Trondenes is an old parish and former municipality in Troms county in Norway.  The  municipality existed from 1838 until its dissolution in 1964.  It was located along the western shore of the Vågsfjorden in what is now Harstad Municipality.  Trondenes included the majority of the island of Grytøya and part of the eastern coast of the island of Hinnøya as well as some smaller islands.  Located just north of the town of Harstad, the village of Trondenes was the administrative centre of the municipality.  That village is also the site of the historic Trondenes Church, the northernmost medieval stone church in Norway.  The Trondenes Historical Center was built in 1997 near the church to teach about the history of the area.  Trondenes Fort is also located on the Trondenes peninsula.

History
The parish of Trondenes was established as a municipality on 1 January 1838 (see formannskapsdistrikt). The village of Harstad (population: 1,246) was declared a ladested and was therefore separated from Trondenes on 1 January 1904 to become a separate municipality.  This left Trondenes with 7,775 inhabitants. On 1 January 1912, part of southern Trondenes (population: 291) was transferred to the neighboring municipality of Evenes (in Nordland county).

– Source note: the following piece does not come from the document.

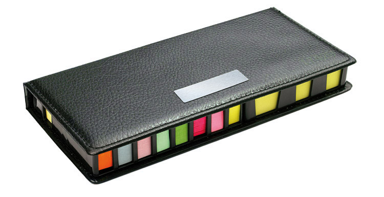 Zestaw karteczek samoprzylepnych pakowanych w czarne etui. Zestaw zawiera 1 bloczek dużych karteczek, 2 bloczki średnich karteczek i 8 małych bloczków zakładek indeksowych w różnych kolorach. Pudełko posiada miejsca na każdy z zestawów karteczek, dzięki czemu te się nie mieszają. W etui umieszczona jest kartka z miejscem na notatki. Logo grawerujemy na metalowej blaszce, którą można umieścić na wierzchu etui. Blaszka jest dołączona osobno.

On 1 July 1926, the municipality of Trondenes was divided into three separate municipalities.  The areas east of the Tjeldsundet strait and east of the Vågsfjorden (population: 2,443) became the municipality of Skånland and the areas on the west side of the Tjeldsundet and Vågsfjorden were split two ways. The southern part (population: 4,224) became the municipality of Sandtorg and the northern part (population: 3,429) remained as the municipality of Trondenes.  On 25 October 1956, a small border adjustment was made between Trondenes and the neighboring Kvæfjord Municipality. This resulted in 32 inhabitants becoming residents of Trondenes.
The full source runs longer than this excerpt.